La scuola si trova nel centro di Roma e, come tutte le cose che accadono al centro di Roma, riceve un’attenzione particolare sia perché si tratta della Capitale, sia perché molti giornalisti e molte giornaliste abitano lì per ragioni ovvie – a Roma ci sono le sedi principali della Rai, molte testate hanno lì le loro redazioni e così via – per cui a questa faccenda è stato dato più risalto che ad altre simili, come il caso degli studenti di un liceo di Monza che si sono presentati in classe con la gonna per protestare contro i commenti sgradevoli ricevuti da alcune ragazze da parte del corpo docente. Quello del Righi non è un caso isolato: come dimostrano le manifestazioni delle scorse settimane, oltre alle proteste in molti istituiti per il comportamento e i commenti inappropriati di molti docenti – il caso più clamoroso riguarda l’istituto Valentini-Majorana in provincia di Cosenza – cresce il bisogno di studentesse e studenti di maggiore rispetto e ascolto da parte di adulti e autorità, specie dopo gli ultimi due anni di pandemia, didattica a distanza e mancanza di qualsiasi forma di socialità. Un recente rapporto dell’Unicef sostiene che un adolescente su sette soffre di disturbi mentali e che le conseguenze dell’isolamento a causa del COVID rischiano di avere un impatto molto forte sul loro equilibrio negli anni a venire; il suicidio,  inoltre, rimane la seconda causa di morte per gli e le adolescenti dopo gli incidenti stradali. Ma, alla luce di tutto questo la percentuale d’investimenti sulla salute mentale dei fondi governativi per la salute è solo del 2%.

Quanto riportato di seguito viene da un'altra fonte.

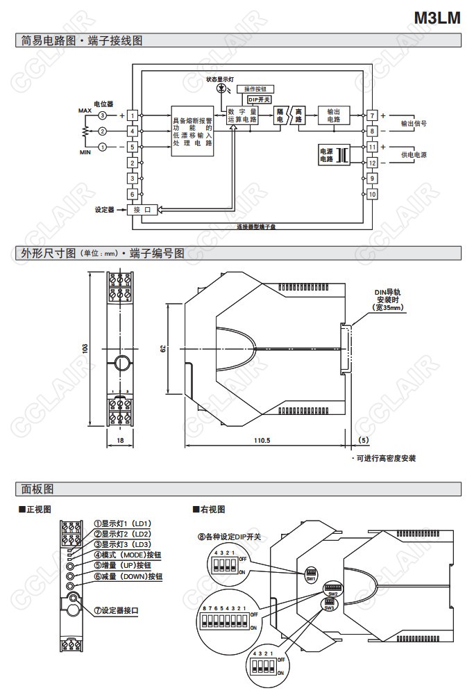 M3LM,M3LM-R4/A,M3LM-R4/B,M3LM-R4/A/UL,M3LM-R4/B/UL,電位器信號變換器(按鍵設定型)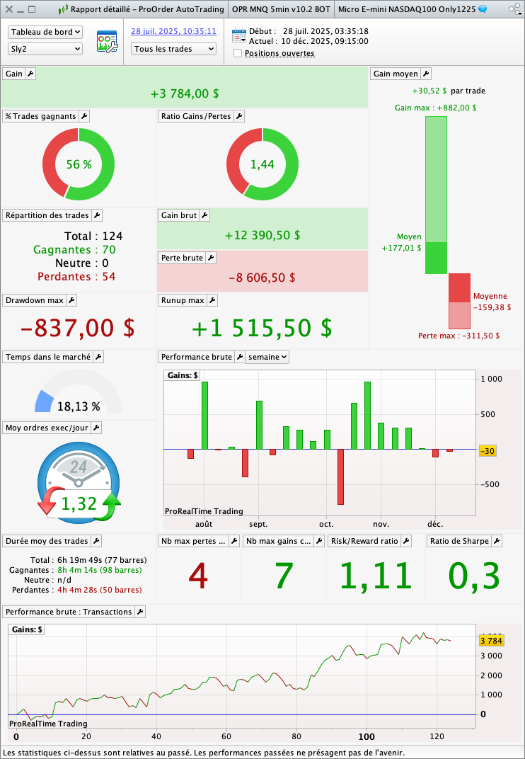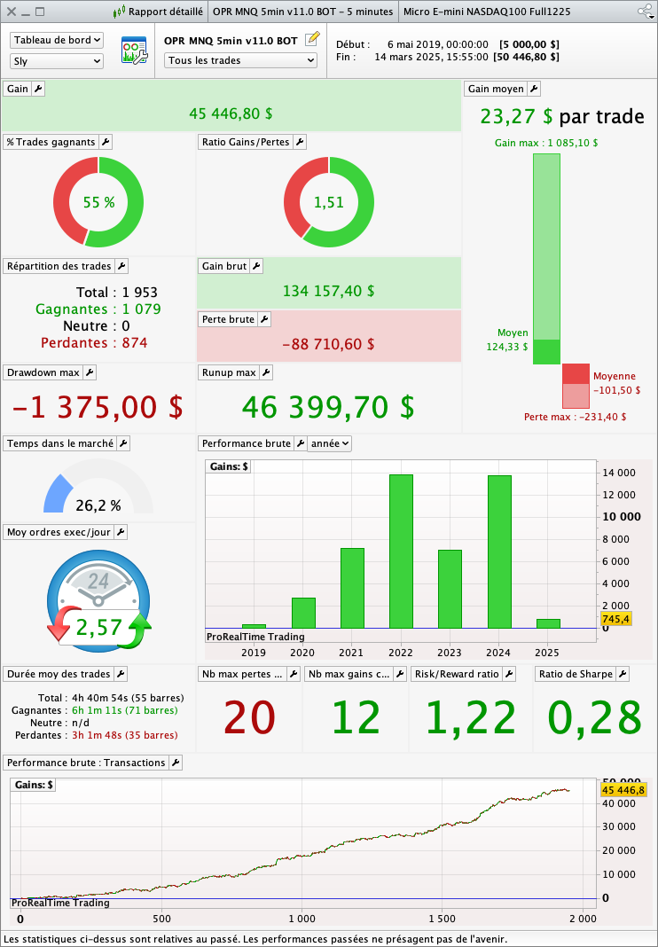 The aim of this development is therefore to obtain automated trading systems that are robust in the long term, regardless of market conditions. However, past performance is no guarantee of future results, and investing in the financial markets involves risks that may result in the total loss of capital.

All’indomani della notizia delle proteste al Liceo Righi, alcune delle più note firme del giornalismo italiano si sono espresse cercando di spostare l’attenzione dal commento inopportuno dell’insegnante alla causa scatenante di quel commento: il comportamento e l’abbigliamento della ragazza. La scrittrice Dacia Maraini ha scritto sul Corriere che ad averla colpita è stato il fatto che il video che i ragazzi stavano registrando era destinato alla rete e ammoniva gli studenti e le studentesse del Righi a non scambiare le mode – in questo caso i video di TikTok – e le lotte per la libertà e l’autodeterminazione. Le ha fatto eco Concita De Gregorio su Repubblica anche lei colpita dalla disinvoltura con cui i ragazzi e le ragazze vestono e abitano i luoghi della scuola. Scrive De Gregorio: “La frase “non sei sulla Salaria” rivolta a una ragazza che in classe si fa un videoselfie da postare su TikTok scoprendosi il corpo non è un distico elegiaco, certo. Ma non è neppure un’ingiuria: è un modo di dire colloquiale, altrove si dice “pari uno scorfano” senza che la protezione della fauna ittica insorga”. La pagliuzza, secondo la giornalista, è l’ingiuria, la trave sono i ragazzi e in particolare le ragazze che inseguono le mode scambiandola per libertà.

Le posizioni di Maraini e De Gregorio sono state accolte con grande entusiasmo in rete e dai commenti ai molti articoli apparsi sulla stampa online e sui social, emerge un crescente fastidio nei confronti della protesta del Righi e nelle istanze portate avanti dagli studenti e dalle studentesse che in queste ultime settimane hanno animato le piazze e le strade di tutto il Paese.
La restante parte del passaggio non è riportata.